— Requirement —
Give back every entry exactly; drop the pictures.

— Records to process —

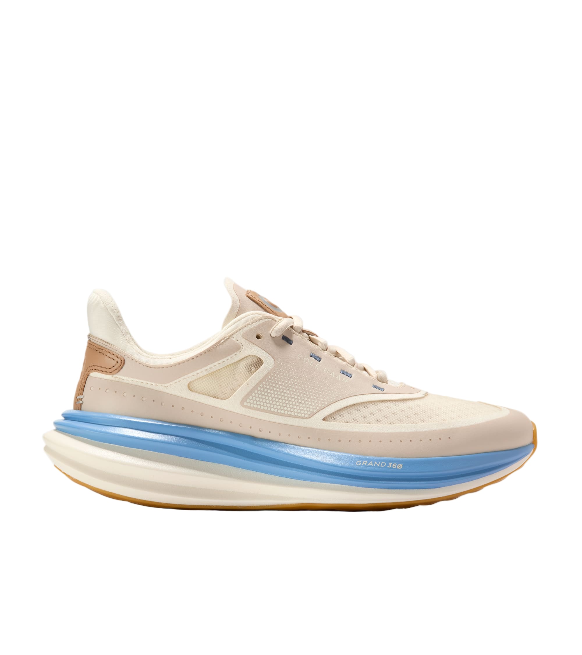 The Cole Haan Women's OriginalGrand Quadstar Running Sneakers showcase a stylish and functional design, featuring a sophisticated blend of TPU, polyester, and leather in a harmonious color palette of Light Sesame, Ivory, and Midnight Blue. Their five-loop lacing system ensures a secure and customizable fit, while the durable rubber outsole provides excellent traction and stability on various surfaces. The sneakers are equipped with a SuperFeel NRG Foam midsole, delivering exceptional cushioning and responsive support for all-day comfort. Combining modern materials with thoughtful construction, these sneakers offer both performance and style for the active woman.
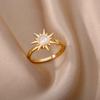 Women's Swivel Sun Opal Ring Stainless Steel Retro Charm Adjustable Open Rings Party Jewelry Best Friend Gift Feminine Costume Jewelry
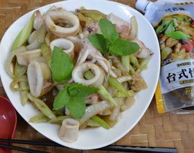 先处理蔬菜与乌贼干净后切好备用,并热锅爆香蒜片加入等食材并放快炒酱调味拌炒均匀
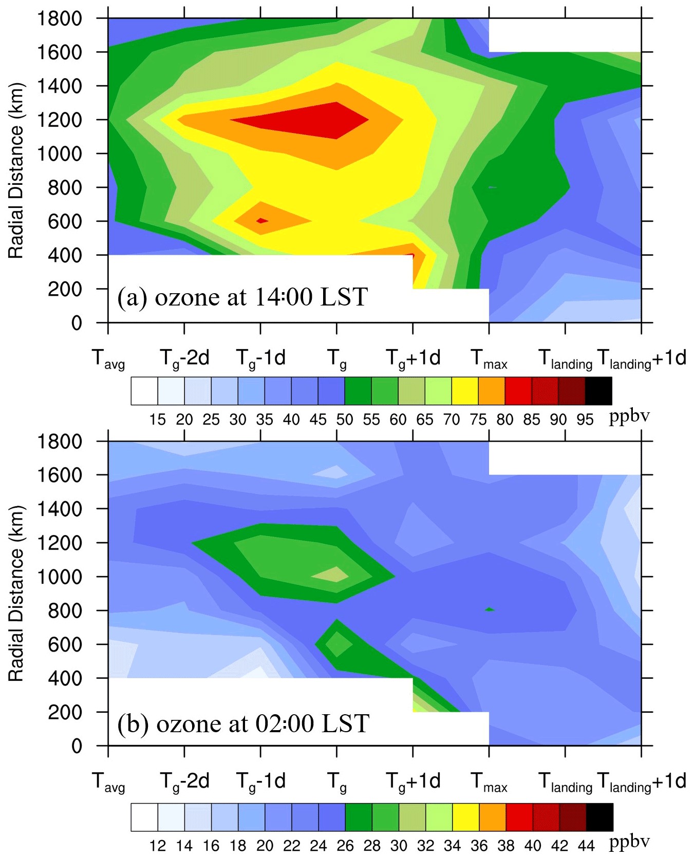 台风不同生命阶段中(横轴),台风中心不同距离处(竖轴)的近地面臭氧浓度(单位:ppbv)。上下两图分别为白天臭氧光化学反应活跃的时刻(14时)和夜间光化学反应停止的时刻(02时);台风生命阶段分为台风生成Tg及其前后相邻数天(Tg-2d, Tg-1d和Tg+1d),台风发展最盛Tmax ,台风登陆(Tlanding)和登陆后阶段(Tlanding +1d), Tavg代表多年平均臭氧背景含量
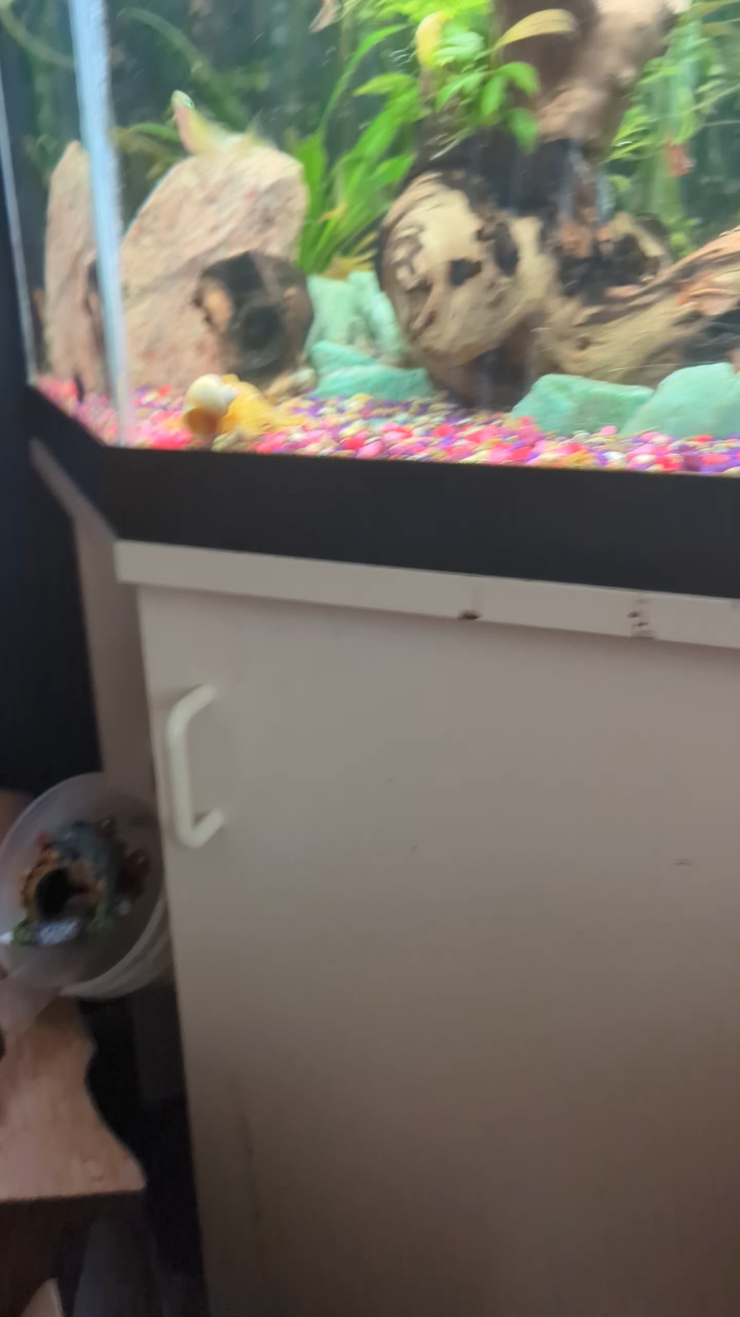 Is he aggressive and territorial towards the corydoras? He really doesnt seem to like that snail being around.

— The answer —
 The Cole Haan Women's OriginalGrand Quadstar Running Sneakers showcase a stylish and functional design, featuring a sophisticated blend of TPU, polyester, and leather in a harmonious color palette of Light Sesame, Ivory, and Midnight Blue. Their five-loop lacing system ensures a secure and customizable fit, while the durable rubber outsole provides excellent traction and stability on various surfaces. The sneakers are equipped with a SuperFeel NRG Foam midsole, delivering exceptional cushioning and responsive support for all-day comfort. Combining modern materials with thoughtful construction, these sneakers offer both performance and style for the active woman.
 Women's Swivel Sun Opal Ring Stainless Steel Retro Charm Adjustable Open Rings Party Jewelry Best Friend Gift Feminine Costume Jewelry
 先处理蔬菜与乌贼干净后切好备用,并热锅爆香蒜片加入等食材并放快炒酱调味拌炒均匀
 台风不同生命阶段中(横轴),台风中心不同距离处(竖轴)的近地面臭氧浓度(单位:ppbv)。上下两图分别为白天臭氧光化学反应活跃的时刻(14时)和夜间光化学反应停止的时刻(02时);台风生命阶段分为台风生成Tg及其前后相邻数天(Tg-2d, Tg-1d和Tg+1d),台风发展最盛Tmax ,台风登陆(Tlanding)和登陆后阶段(Tlanding +1d), Tavg代表多年平均臭氧背景含量
 Is he aggressive and territorial towards the corydoras? He really doesnt seem to like that snail being around.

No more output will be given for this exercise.